In (this excellent read) Teaching Spoon Fed Students How To Really Read is a reference to Monkey Grip a 1977 novel from Australian Helen Garner. In the article author INSErT NAME writes:
The second thing that struck me was how difficult my students found the 10-page extract. They didn’t know who Helen Garner was, the 1970s were too far away to mean anything to them, and they couldn’t locate themselves in the story. They didn’t know who was speaking, and who she was speaking to. How old was she, where was she, what was happening?
Here is the book’s opening sentence:
In the old brown house on the corner, a mile from the middle of the city, we ate bacon for breakfast every morning of our lives.
That sentence, and the description of a 10-page excerpt being difficult, led me to get a copy.
It is a difficult and rewarding read. If you require a plot in your novels, stay away. If you are comfortable with an undulating narrative about Melbourne life in the 1970s, enduring love, and life with a junkie take a look.
My highlighted passages include:
My ears were full of confusion and the sea thumping.
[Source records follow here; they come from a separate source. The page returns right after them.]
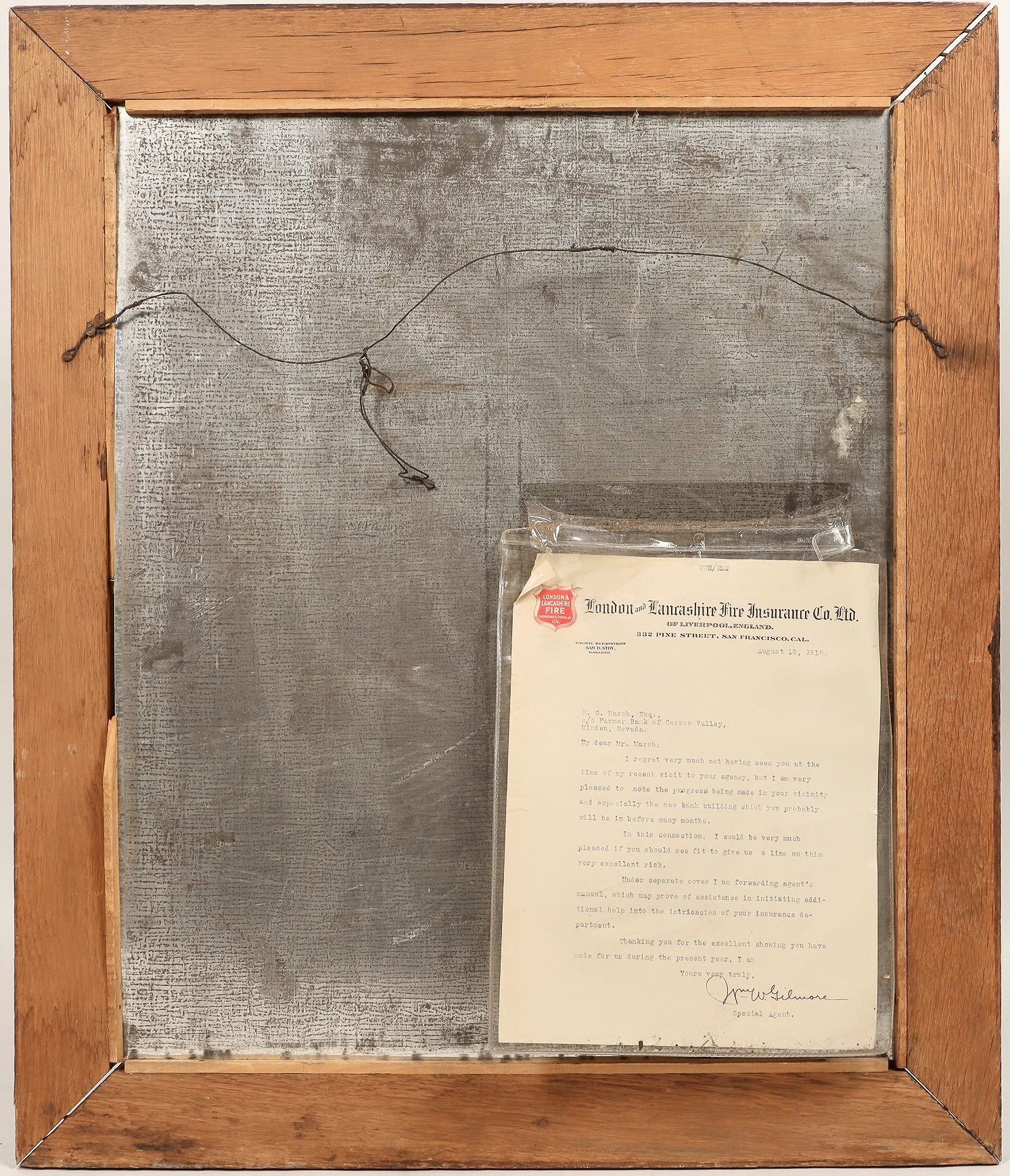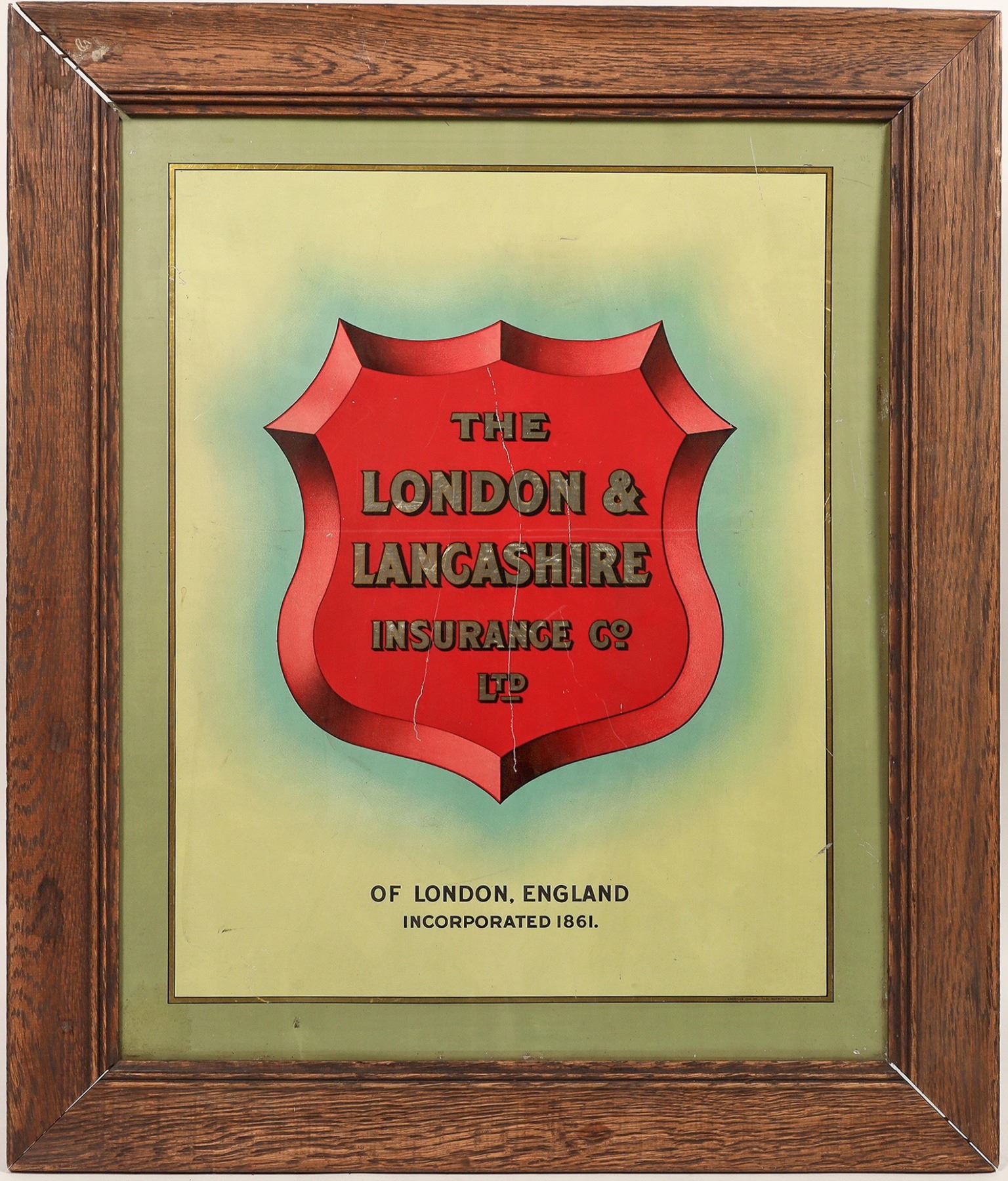 London & Lancashire Insurance Co. Tin Sign, c1880-1910, generally very fine except a few scratches at center. 22 x 26" outer dimensions, tin sign about 17.5 x 22". This company did business all over Nevada, particularly Virginia City, Eureka and Reno. From a very old Nevada Collection.
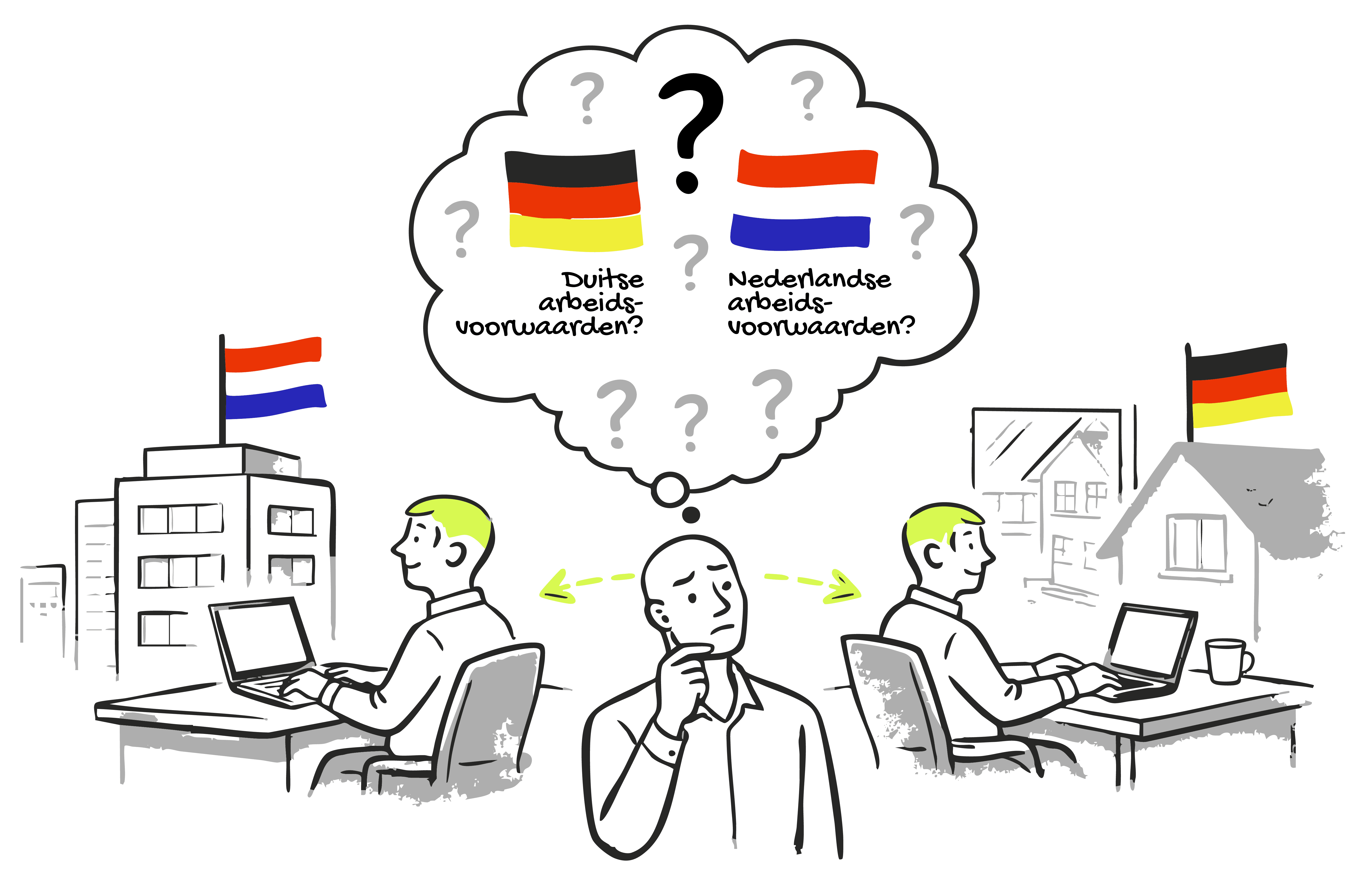 Tijdens een afspraak met een klant van ons, gevestigd in Venlo, vlak bij de Duitse grens, bespraken we een lastig dossier rondom een disfunctionerende werknemer. Nadat we hiervoor samen een plan van aanpak hadden opgesteld, kwam direct een ander vraagstuk ter sprake: ze willen een nieuwe werknemer uit Duitsland aannemen. Om juridisch goed te kunnen adviseren, is voor ons cruciaal te weten hoe de werkweek van deze grensarbeider er feitelijk uit komt te zien? De intentie van de klant bleek hybride: de werknemer gaat deels ophet kantoor in Venlo werken, maar ook deels vanuit huis in Duitsland.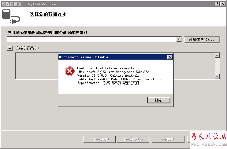 在vs2013里利用向導SqlDataSource配置數(shù)據(jù)庫連接時,點擊測試連接提示成功,當點擊確定時報錯: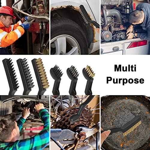 Wire Brushes Pack of 6. for Cleaning Welding Slag, Rust and Dust. 9" and 6-3/4" Brass, Nylon, Stainless Steel Brushes with Rigid Handle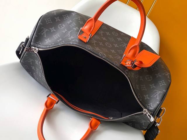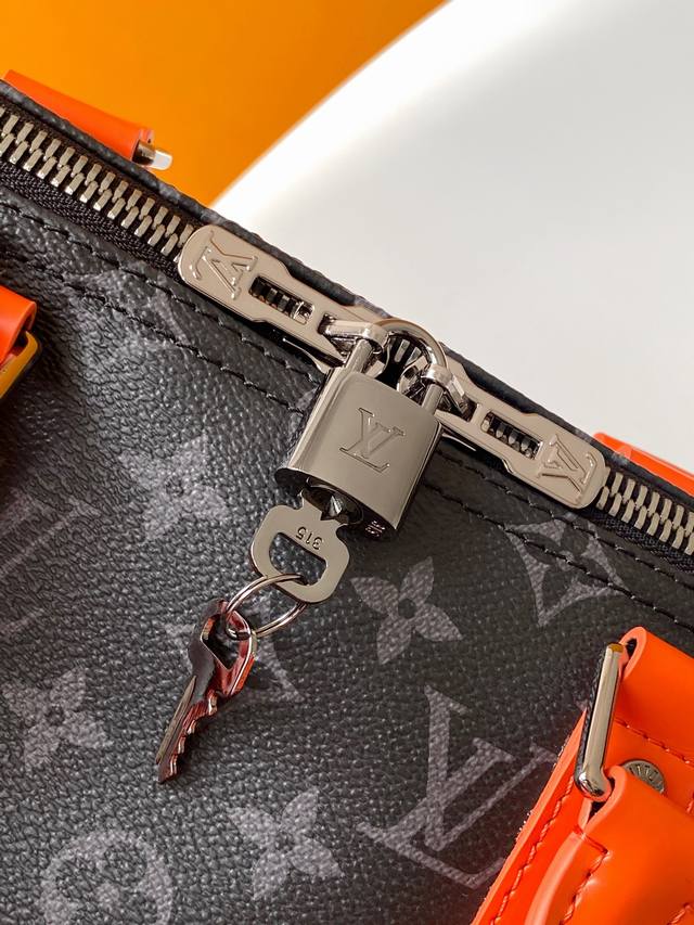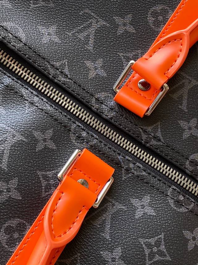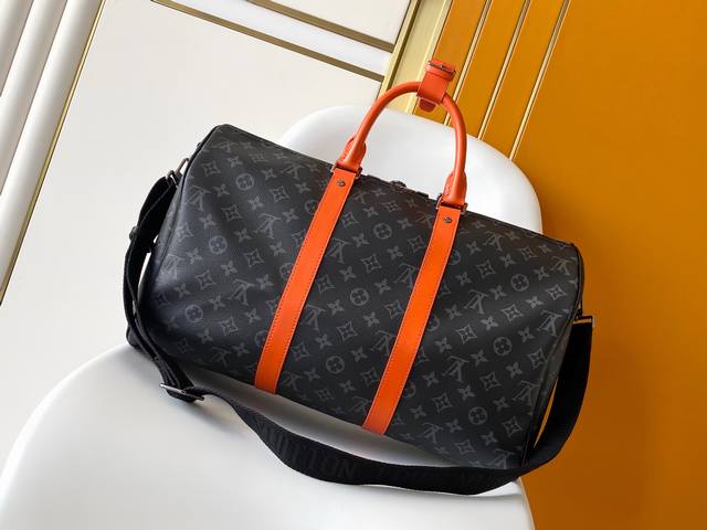 M15251黑花橘红45Cm 163C01变码芯片 本款Keepall BandoulièRe45旅行袋取材Monogram Edipse帆布,以明丽色调勾勒皮革侧带、手柄和镶边,搭配织物内衬和拉链内袋。可调节并拆卸的宽幅肩带拓展背携选择,令随身上机的紧凑构型灵活伴行。 DDD 45 X 27 X20厘米 长度X高X宽 DDD Monogram Eclipse 涂层帆布牛皮革饰边织物内衬金属件 DDD 随身上机行李尺寸双拉链开合挂锁 DDD 可拆卸名牌拉链内袋 DDD 手柄:双手柄 DDD

The hoses flick silver strings on to the drying grass.
Terminal naivety was my disease.
Lillian, blight on my life. She broke into it, once, years ago, before any of us had heard of sisterhood; she looked round to see what she could take, sampled Lou and quickly put him back on the shelf, saw the weightiness of Jack and decided to take him with her. And did. And that was the end of everything, between him and me. She had it, the knack of engulfing, of making sharing impossible.
There was some shadow in his face, a strangeness across the narrow cheek-bones, a self-consciousness about the wide thin mouth, that might have sounded a warning had loneliness not echoed more loudly in my ears.
But it is that old treacherous feeling that real life is happening somewhere else, and I’m left out.